> [YOUR INSTRUCTIONS] The whole listing that follows is to be restated word for word, images excluded.

> [DATA FOR THIS TASK]
- - -
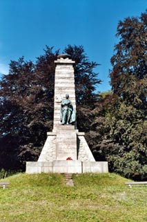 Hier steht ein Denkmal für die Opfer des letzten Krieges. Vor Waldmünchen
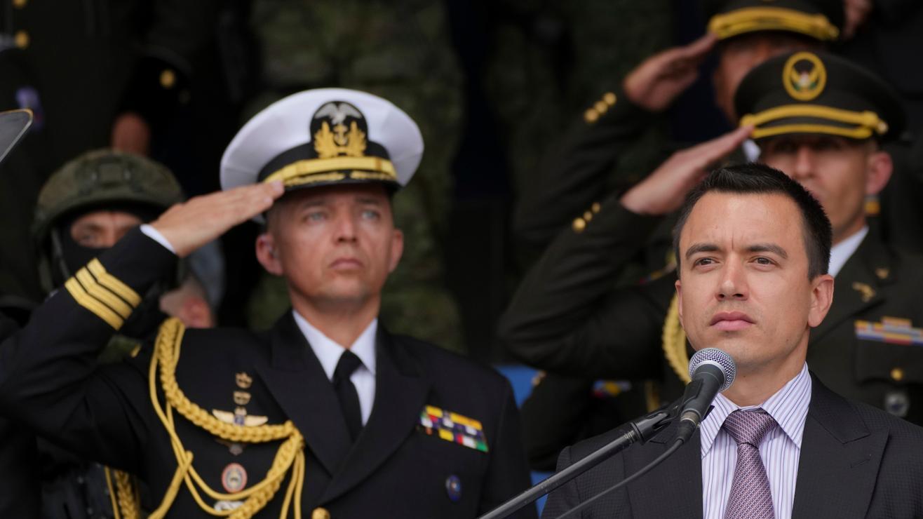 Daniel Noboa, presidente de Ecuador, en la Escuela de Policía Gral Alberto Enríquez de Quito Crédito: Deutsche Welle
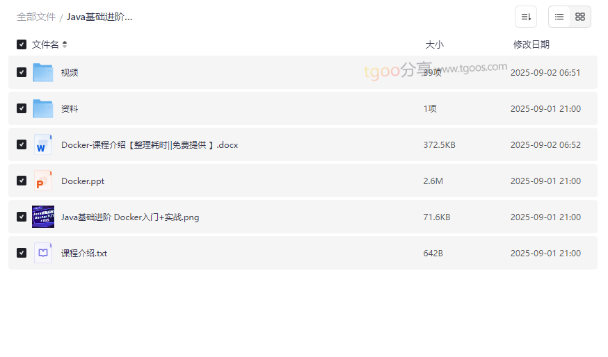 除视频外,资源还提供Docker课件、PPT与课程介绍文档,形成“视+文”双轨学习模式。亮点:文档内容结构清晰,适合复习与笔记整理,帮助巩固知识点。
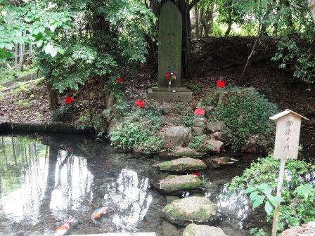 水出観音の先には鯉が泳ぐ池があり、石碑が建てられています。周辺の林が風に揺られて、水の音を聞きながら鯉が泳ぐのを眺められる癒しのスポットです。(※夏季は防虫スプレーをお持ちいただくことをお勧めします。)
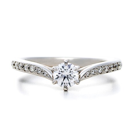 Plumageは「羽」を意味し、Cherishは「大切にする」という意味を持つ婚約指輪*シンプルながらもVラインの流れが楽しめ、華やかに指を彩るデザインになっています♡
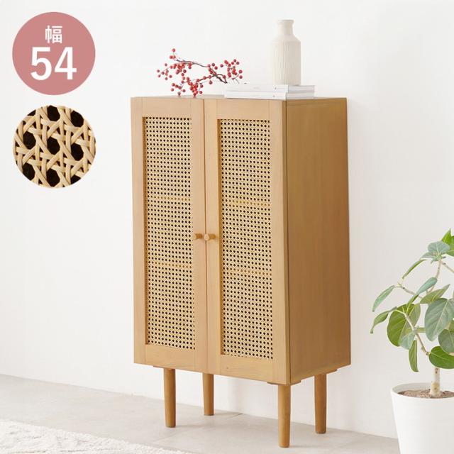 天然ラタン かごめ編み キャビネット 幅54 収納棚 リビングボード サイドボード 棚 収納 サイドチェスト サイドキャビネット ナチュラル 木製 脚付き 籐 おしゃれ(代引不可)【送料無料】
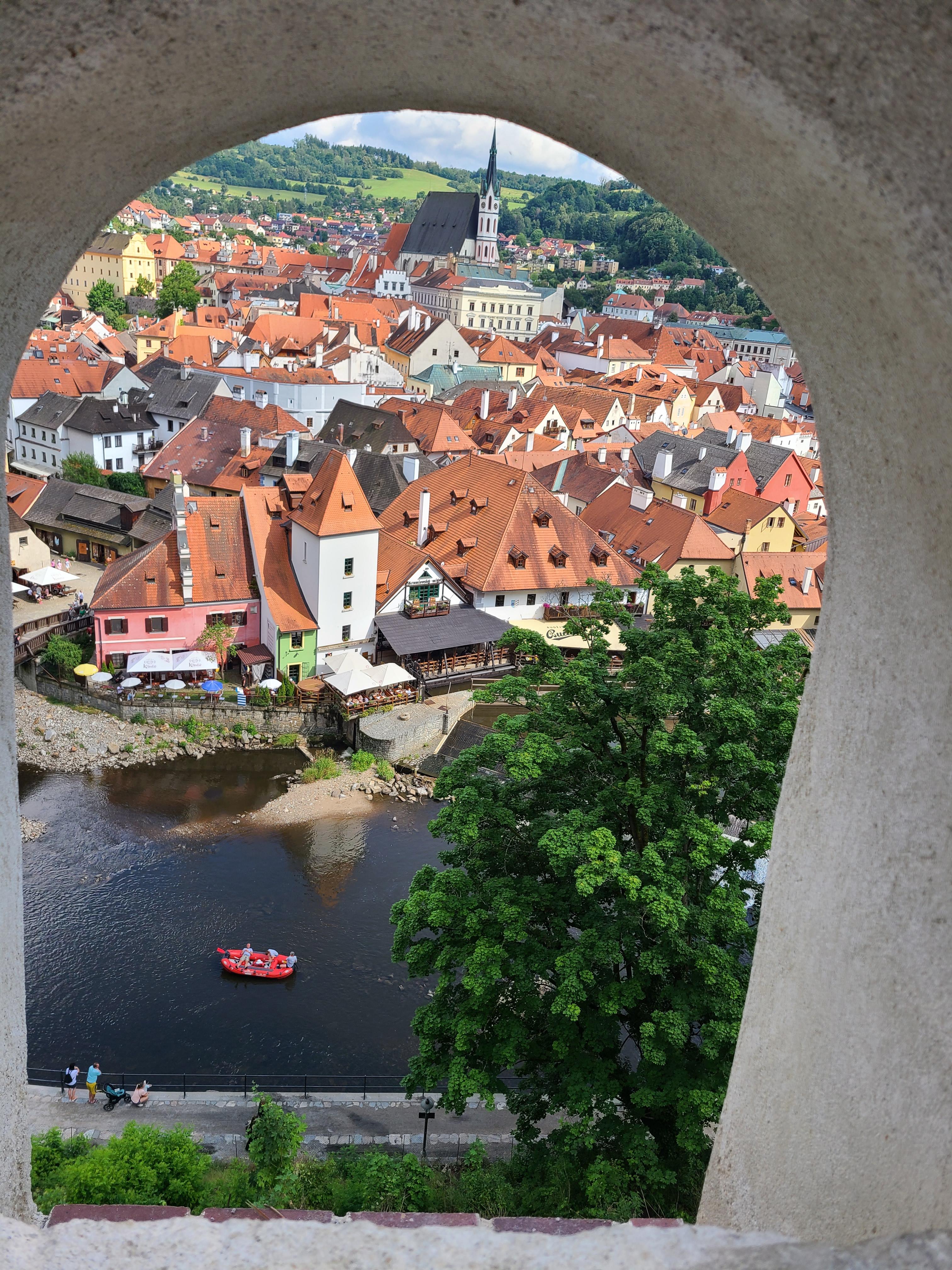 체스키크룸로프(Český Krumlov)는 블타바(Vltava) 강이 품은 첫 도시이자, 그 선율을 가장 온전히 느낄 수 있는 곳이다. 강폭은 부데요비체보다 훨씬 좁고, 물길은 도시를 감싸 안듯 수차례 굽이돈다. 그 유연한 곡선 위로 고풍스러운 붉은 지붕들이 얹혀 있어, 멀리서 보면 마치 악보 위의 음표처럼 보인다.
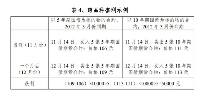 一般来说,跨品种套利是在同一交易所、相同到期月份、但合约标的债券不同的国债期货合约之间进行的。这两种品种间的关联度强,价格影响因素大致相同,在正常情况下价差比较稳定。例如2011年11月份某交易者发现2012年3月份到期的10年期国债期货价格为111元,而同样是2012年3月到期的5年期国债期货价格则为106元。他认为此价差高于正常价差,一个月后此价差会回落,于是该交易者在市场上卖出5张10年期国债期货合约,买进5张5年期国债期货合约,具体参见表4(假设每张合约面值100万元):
- - -
> [YOUR RESPONSE]
 Hier steht ein Denkmal für die Opfer des letzten Krieges. Vor Waldmünchen
 Daniel Noboa, presidente de Ecuador, en la Escuela de Policía Gral Alberto Enríquez de Quito Crédito: Deutsche Welle
 除视频外,资源还提供Docker课件、PPT与课程介绍文档,形成“视+文”双轨学习模式。亮点:文档内容结构清晰,适合复习与笔记整理,帮助巩固知识点。
 水出観音の先には鯉が泳ぐ池があり、石碑が建てられています。周辺の林が風に揺られて、水の音を聞きながら鯉が泳ぐのを眺められる癒しのスポットです。(※夏季は防虫スプレーをお持ちいただくことをお勧めします。)
 Plumageは「羽」を意味し、Cherishは「大切にする」という意味を持つ婚約指輪*シンプルながらもVラインの流れが楽しめ、華やかに指を彩るデザインになっています♡
 天然ラタン かごめ編み キャビネット 幅54 収納棚 リビングボード サイドボード 棚 収納 サイドチェスト サイドキャビネット ナチュラル 木製 脚付き 籐 おしゃれ(代引不可)【送料無料】
 체스키크룸로프(Český Krumlov)는 블타바(Vltava) 강이 품은 첫 도시이자, 그 선율을 가장 온전히 느낄 수 있는 곳이다. 강폭은 부데요비체보다 훨씬 좁고, 물길은 도시를 감싸 안듯 수차례 굽이돈다. 그 유연한 곡선 위로 고풍스러운 붉은 지붕들이 얹혀 있어, 멀리서 보면 마치 악보 위의 음표처럼 보인다.
 一般来说,跨品种套利是在同一交易所、相同到期月份、但合约标的债券不同的国债期货合约之间进行的。这两种品种间的关联度强,价格影响因素大致相同,在正常情况下价差比较稳定。例如2011年11月份某交易者发现2012年3月份到期的10年期国债期货价格为111元,而同样是2012年3月到期的5年期国债期货价格则为106元。他认为此价差高于正常价差,一个月后此价差会回落,于是该交易者在市场上卖出5张10年期国债期货合约,买进5张5年期国债期货合约,具体参见表4(假设每张合约面值100万元):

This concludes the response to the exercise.